[OPE-L:6333] Re: Re: Re: Re: recent science and society and Fred M's interpretation

From: Rakesh Bhandari (rakeshb@stanford.edu)
Date: Wed Jan 16 2002 - 15:55:31 EST

>Rakesh, you write
>>My first answer is simple and predictable: if the average rate of
>>profit is not ultimately determined by labor time relations, then
>>capitalism cannot give rise to those contradictions in the process of
>>production that Marx, as a materialist, thought were the precondition
>>for the revolutionary activity of the only the subject that Marx
>>thought had even the latent power to actually effect a transition in
>>the mode of production--the working class.
>Understood as a direct answer to my initial question, this statement in
>effect makes three connected claims:
>1) Asserting that "the average rate of profit is...ultimately determined by
>labor time relations" (I take this to mean that the average rate of profit
>is presumed to be equal to the ratio of unpaid labor hours to the sum of
>paid labor hours and the labor embodied in expended constant capital) is
>tantamount to embracing the labor theory of value.
>2)  Unless the average rate of profit is understood to equal the ratio just
>indicated, capitalism cannot give rise to the contradictions Marx
>identified as the precondition for revolutionary activity by the 
>working class.
>3)  If one feels that either of the above claims about capitalism is in
>fact false, then one is not a Marxist. 
>Accepting claim (1) for the sake of argument,

well thanks since that relieves me of the duty of having to be precise!

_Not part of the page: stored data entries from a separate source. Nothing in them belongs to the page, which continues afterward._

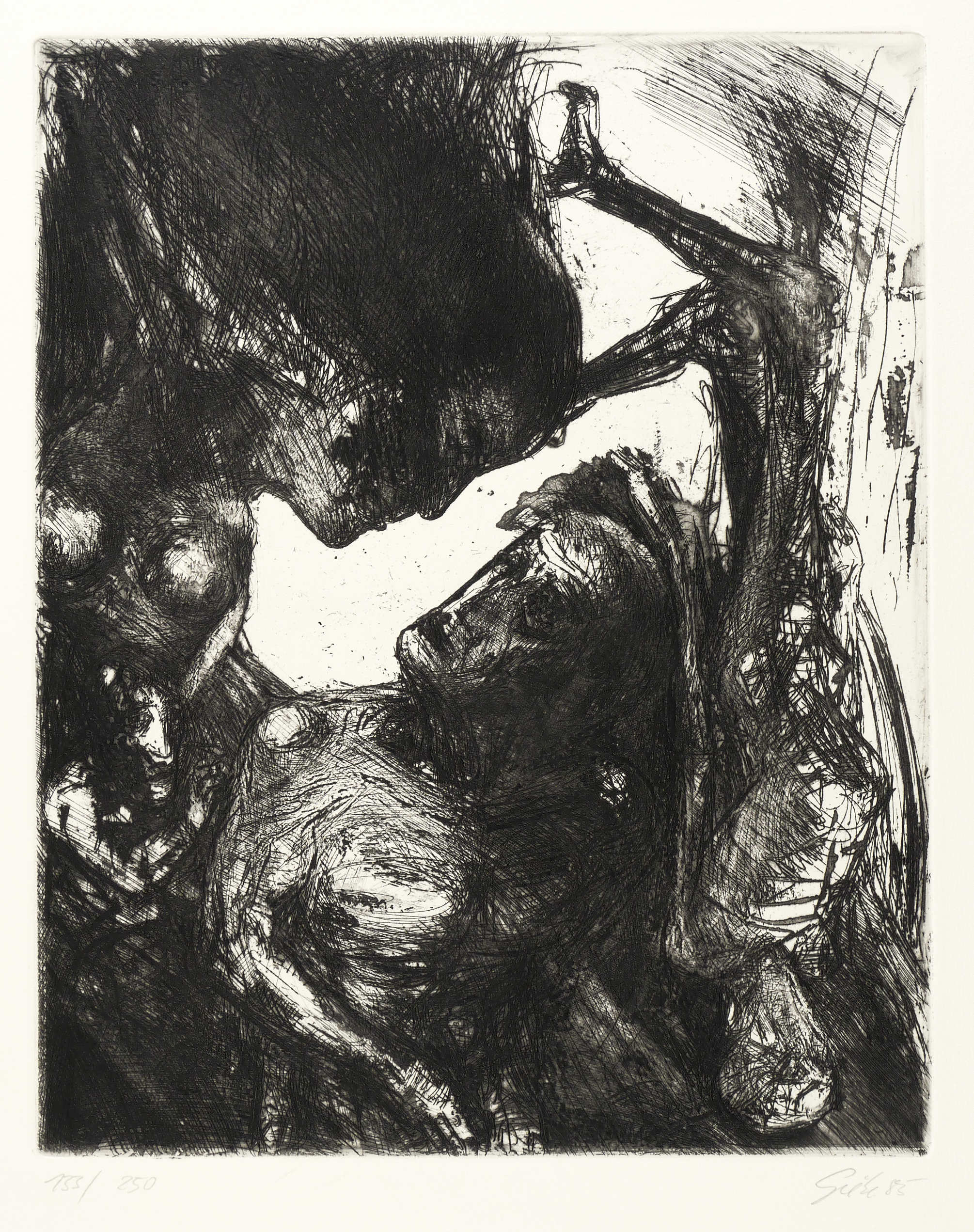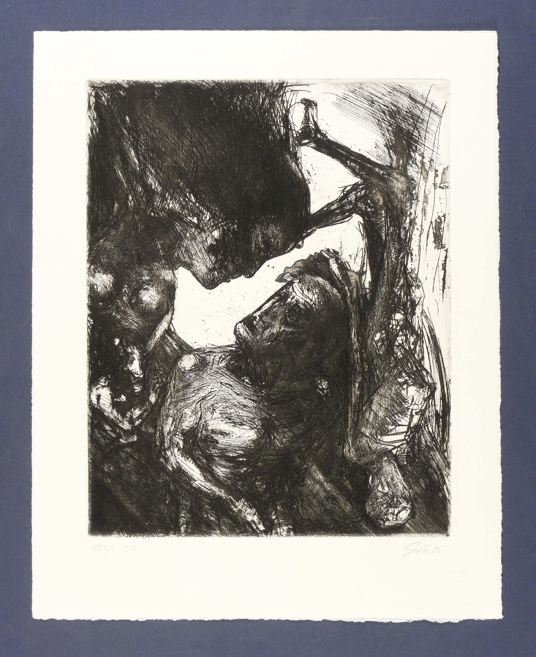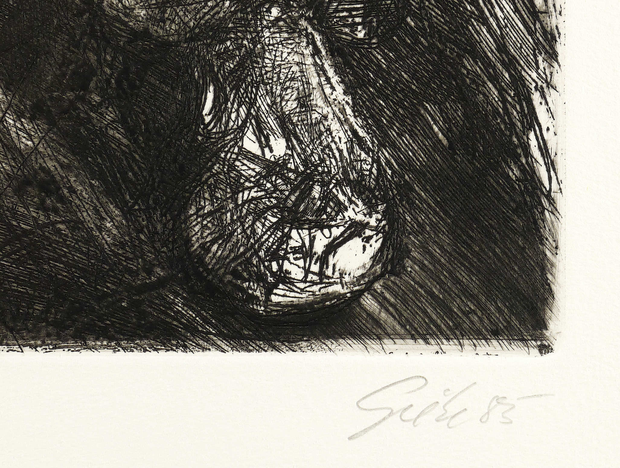 1985. Radierung / Strichätzung, in Schwarz, auf weißem Hahnemühle-Büttenkarton. – Originale Künstlergrafik, von Hubertus Giebe. – Auflage Exemplar Nr. 133/250. – 37,3 x 29,9 cm (Darstellung / Platte), 48 x 38 cm (Blatt).
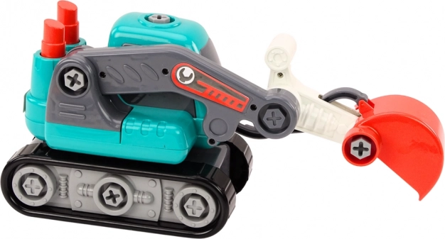 Cette pelle à chenilles au style dessin animé, de couleur turquoise, ravira tout enfant passionné par les chantiers et la technologie. Grâce aux vis et aux outils fournis, les enfants peuvent démonter et remonter le véhicule eux-mêmes, développant ainsi patience, logique et dextérité.
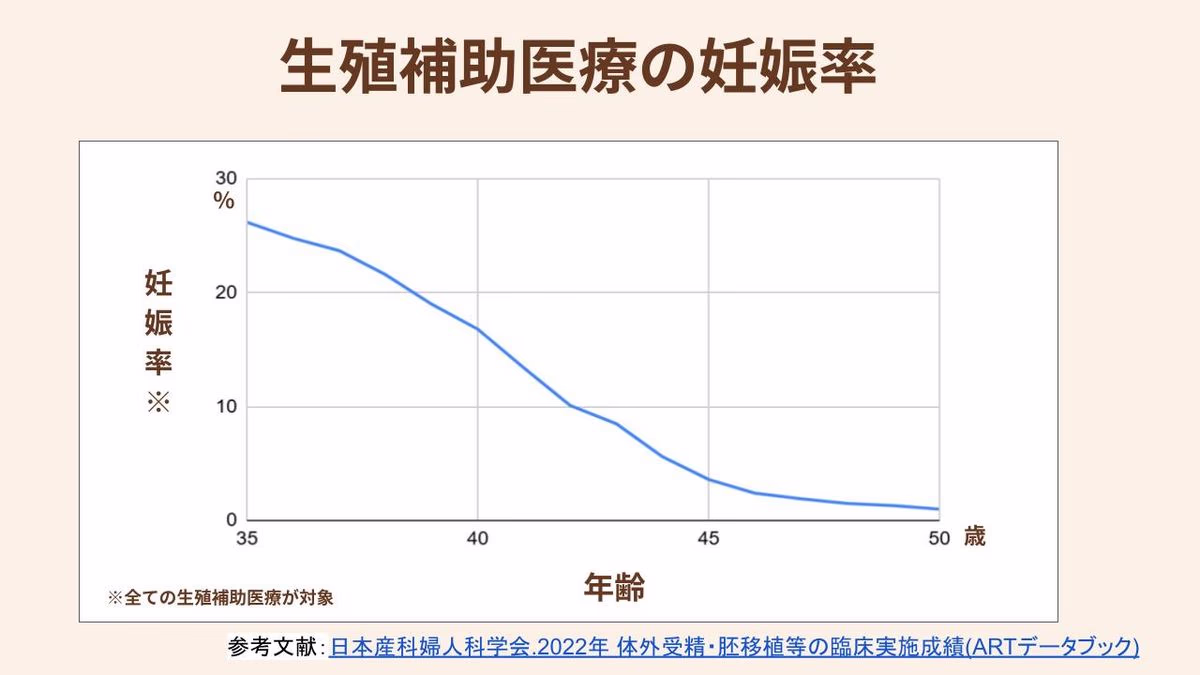 35歳を過ぎると自然妊娠率だけでなく、生殖補助医療を受けた場合の妊娠率も低下していきます。
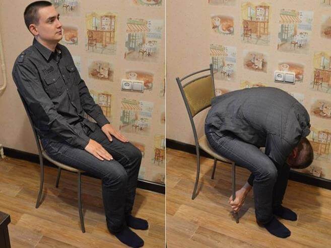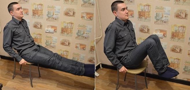 - Приседания у стула 10 раз. Можно выполнять лицом к стулу, держась обеими руками

>  I don't see the basis for
>claim (2) or (3).  For example, with regard to (3), are you suggesting that
>a necessary condition for being a Marxist is accepting every empirical
>claim Marx made (in Capital, say), even if one feels some are false?

It's not every and all empirical claims but those related in 
particular to the revolutionary activity of the working class.

I am saying that  Marx's work should not be understood to have 
described the deplorable working conditions in early capitalism 
Manchester; rather Marx's theory is meant to have adduced on the 
basis of the law of value a tendency towards protracted periods in 
which there are growing contradictions within the process of 
production itself, e.g, a struggle to reverse worker gains and 
depress wages below the value of labor power; for on Marx's own 
assumptions there can be no causal or moral teleogical grounds  for 
the revolutionary activity of the working class unless capitalism 
fails to develop the productive forces and to raise the living 
standards of the working class.

If such a tendency does not in fact prevail, then Marx's theory is 
invalidated (of course the hows and whys of verification raise 
tremendous problems); and if such a tendency does prevail but Marx's 
labor value theory fails to explain it, then Marx's theory fails as 

For example, I would say that Brenner's theory is not based on labor 
value; however it may successfully explain the obtaining of the 
social conditions that  give rise causally and morally to the 
revolutionary activity of the working class. Brenner would then have 
vindicated Marx only by having moved beyond Marx. His theory should 
then be considered post Marxist, not Marxian. And it is arguably a 
better theory for being just that.

>   With
>regard to (2), are you suggesting that the expressions of capitalist
>contradiction Marx identified (immiseration of the working class,
>increasingly severe crises) cannot arise *unless* the average rate of
>profit equals the ratio indicated above?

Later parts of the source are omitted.